First up, street art of Ulaanbaatar!
Here she is (second from left) with some of her sisters and some decidedly less glorious graffiti
Ulaanbaatar seems to have a flourishing art scene and a number of excellent small galleries showing a variety of new work. Others know more about this, so please feel free to leave a comment (attn: Teresa). On Thursday, August 15th, the 976 gallery had an opening for several talented young artists. We were lucky enough to attend and cameras were encouraged:
The featured artist was a young man named Otgontuvden and his works made up the majority of the exhibition:
Lama (Monk). This portrait reminds me of Rembrandt, almost like a combination between some of his self-portraits as he grew older and his 'Philosopher in Meditation'.
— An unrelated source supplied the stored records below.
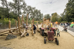 Im Spielbereich kann nach Herzenslust gespielt und geplanscht werden. Hier können Kinder die natürliche Gewässerdynamik erfahren, indem sie Bäche umleiten, stauen und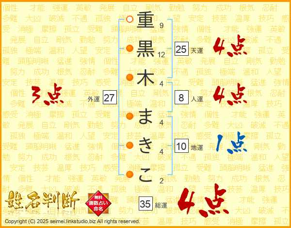 重黒木まきこさんの天運は25画の4点!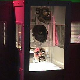 Postes informatiques – Je n’y ai pas passé beaucoup de temps, car je passe généralement toute la journée sur l’ordinateur ! Différents types de terminaux étaient installés. Une rangée proposait un aperçu du jeu interactif X-Files (si vous ne l’avez pas vu, allez-y, il est vraiment génial et contient des images inédites de Mulder et Scully). Un autre type de terminal présentait le logiciel « Accès illimité ». D’autres rangées encore étaient équipées de caméras permettant de se faire prendre en photo et de la publier sur « son » site internet. Un quatrième type était le site internet de l’Expo (qui est en fait le site officiel X-Files avec quelques sections supplémentaires). Je l’ai exploré une minute ou deux, car il contenait des choses qu’on ne trouvait pas sur internet. Le plus intéressant était une série de nouvelles photos du film X-Files que je n’avais jamais vues. Certaines étaient vraiment superbes !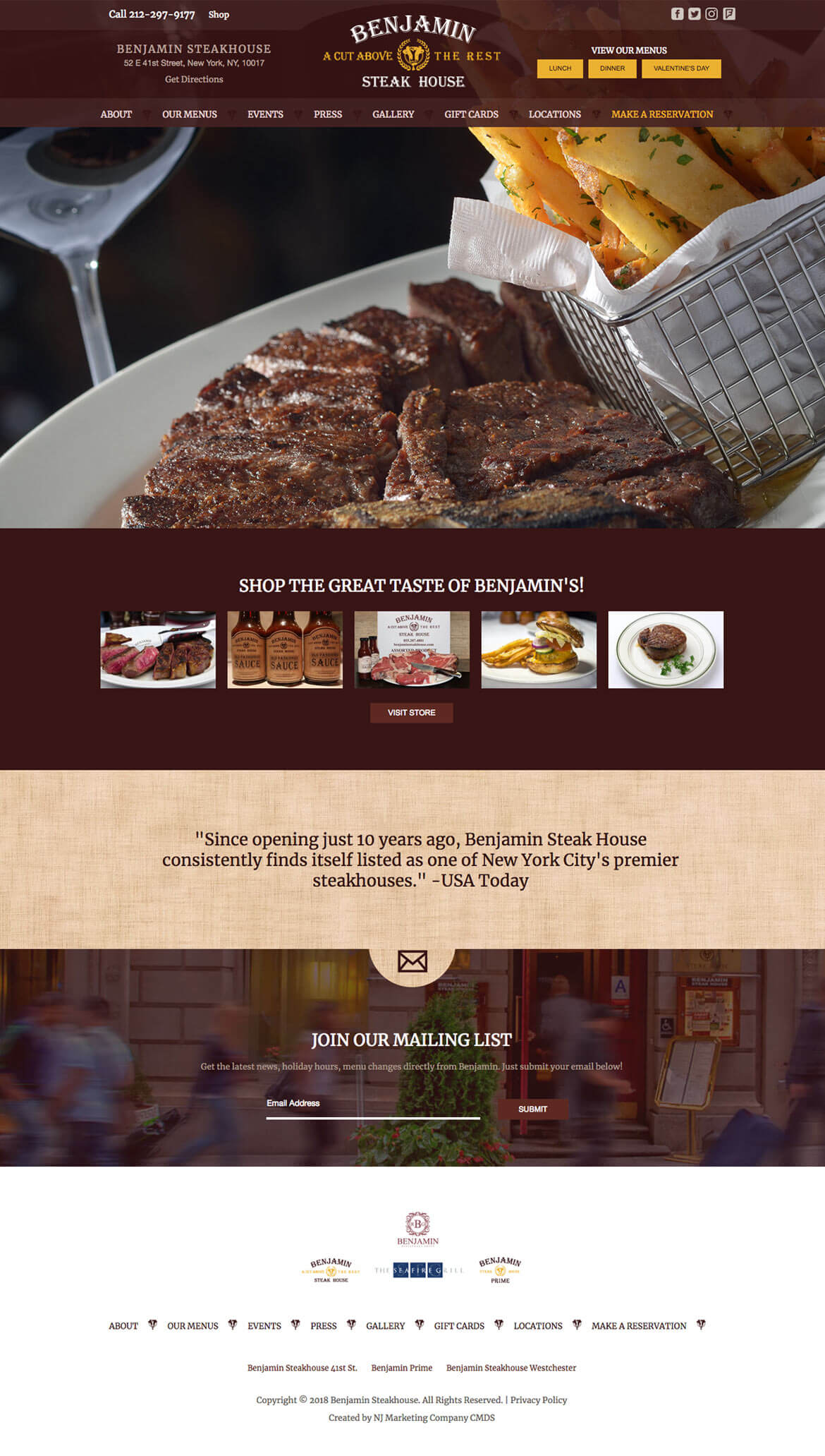 As a well-established and leading restaurant group in New York City and Westchester, Benjamin Restaurant Group was looking to re-invigorate elements of their marketing including the launch of a new restaurant, steak sauce, and e-commerce store. CMDS worked with Benjamin’s internal marketing team to develop brand identity materials, create a custom e-commerce website, as well as market and promote their four restaurants and direct-to-consumer e-retail business.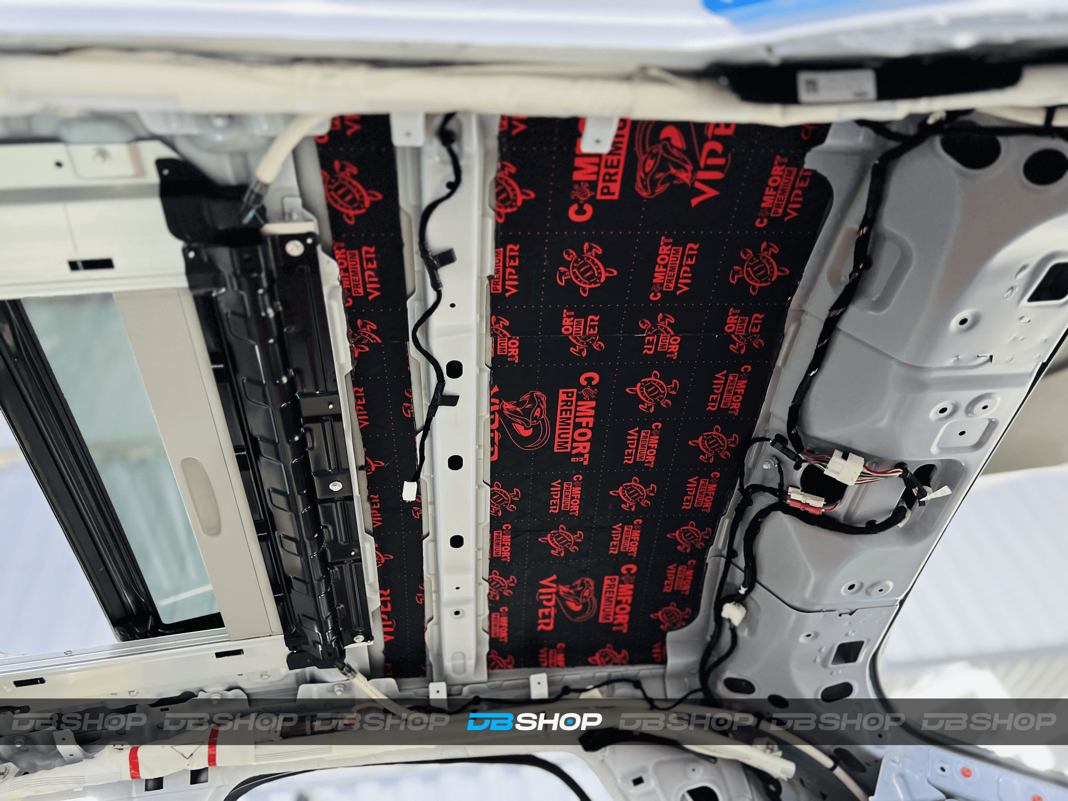 Работа началась с демонтажа потолочной обшивки, обнажив металлическую поверхность. Первым слоем на крышу нанесли виброизоляцию Comfort Mat Viper.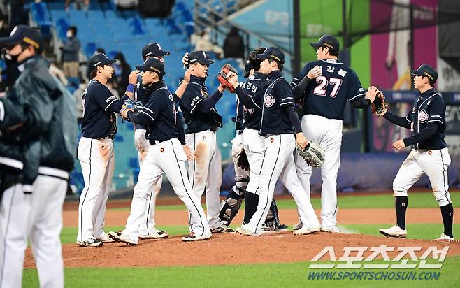 19일 대구 삼성라이온즈파크에서 KBO리그 삼성과 두산의 경기가 열렸다. 두산이 삼성에 승리했다. 경기 종료 후 승리의 기쁨을 나누고 있는 두산 선수들. 대구=송정헌 기자 songs@sportschosun.com/2021.10.19/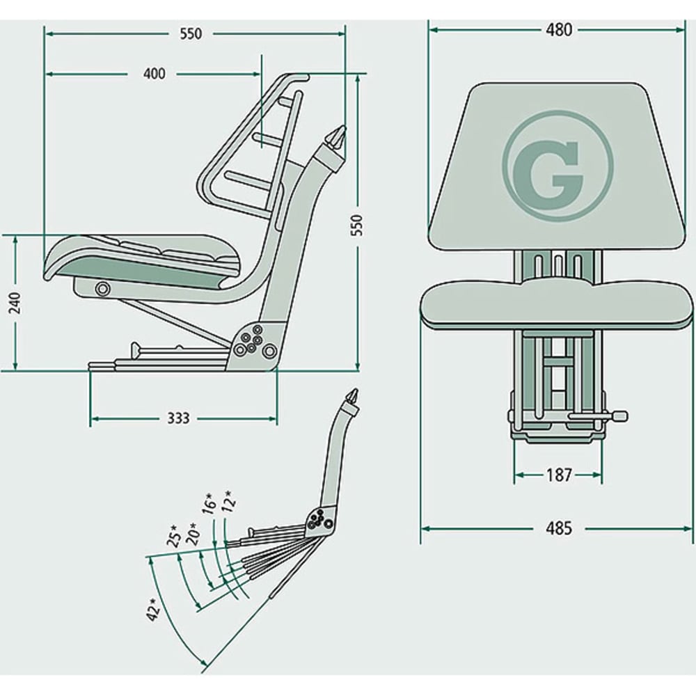 - Die Sitzkonsole ist mit einer fünffachen Neigungsverstellung ausgestattet 12°, 16°, 20°, 25°, 42°

The overall impression is one of vitality and conflict generated by the interactions between the men as well as the horses. (Notice the band playing in the bottom left corner)
In 2011, I was fortunate enough to visit an art's guild in Ulaanbaatar and get a tour of a number of individual artist's studio. While Otgontuvden is young, his style is highly reminiscent of the works produced by some of the older painters in that guild. However, Otgontuvden's choices regarding composition and subject matter really differentiate him from what I perceive to be an older school of Mongolian oil painting.
Khishigsuren is another young artist showing only three pieces at 976 that seemed of a more Impressionist bent than anything I've seen in Mongolia. However, like Otgotuvden, Khishigsurn appears to favor pastoral nomadic and traditional Mongolian themes:
Last but not least were the spectacular works of Nomin:
If the other two featured artists work with pastoral nomadic motifs, Nomin delves heavily into Mongolian history and Buddhism in this exhibition. In the above photo, the picture on the left is a procession of women in Mongol Imperial royal garb. I've seen Yuan Dynasty portraiture of Chinggisid queens and princesses in similar attire:
The picture on the right is much more detailed:
Om Mani Pad Me Om. Aside from the royal processional, most of Nomin's paintings displayed at this exhibition featured this puppet-strings motif (you can make out the control bars clustered at the very top of the painting and then trace the strings down to each figure). The dizzingly complex scene depicted here is set in the Mongolian Buddhist pantheon. Not being a scholar of Mongolian Buddhism, I have nothing to add except selected close-ups:
Another of Nomin's paintings with Mongolian Buddhist themes and motifs:
Some of my favorite details from the above work:
To close out the post, a figure who should be familiar to many readers:
Boba Fett didn't die in the sarlacc pit, he just lost a few limbs. Somebody get him a tourniquet, stat!